Find every line with the string "Post" in the material below and copy it.

Dataset records:
-- Opening Marker --

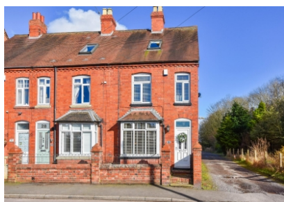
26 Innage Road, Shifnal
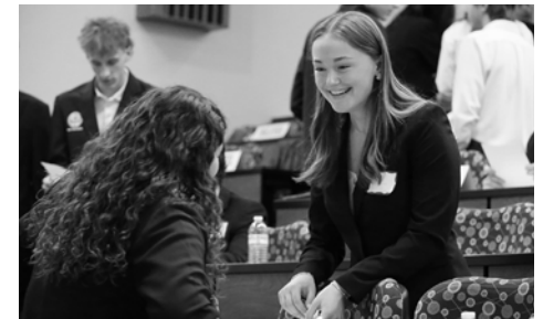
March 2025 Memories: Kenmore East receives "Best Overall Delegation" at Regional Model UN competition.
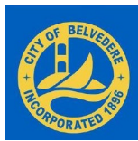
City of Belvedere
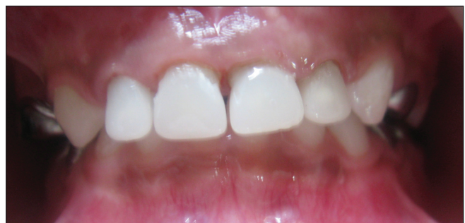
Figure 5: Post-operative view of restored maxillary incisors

-- Closing Marker --
-- Opening Marker --

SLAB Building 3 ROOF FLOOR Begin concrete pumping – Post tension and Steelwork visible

-- Closing Marker --

Exercise response:
Figure 5: Post-operative view of restored maxillary incisors
SLAB Building 3 ROOF FLOOR Begin concrete pumping – Post tension and Steelwork visible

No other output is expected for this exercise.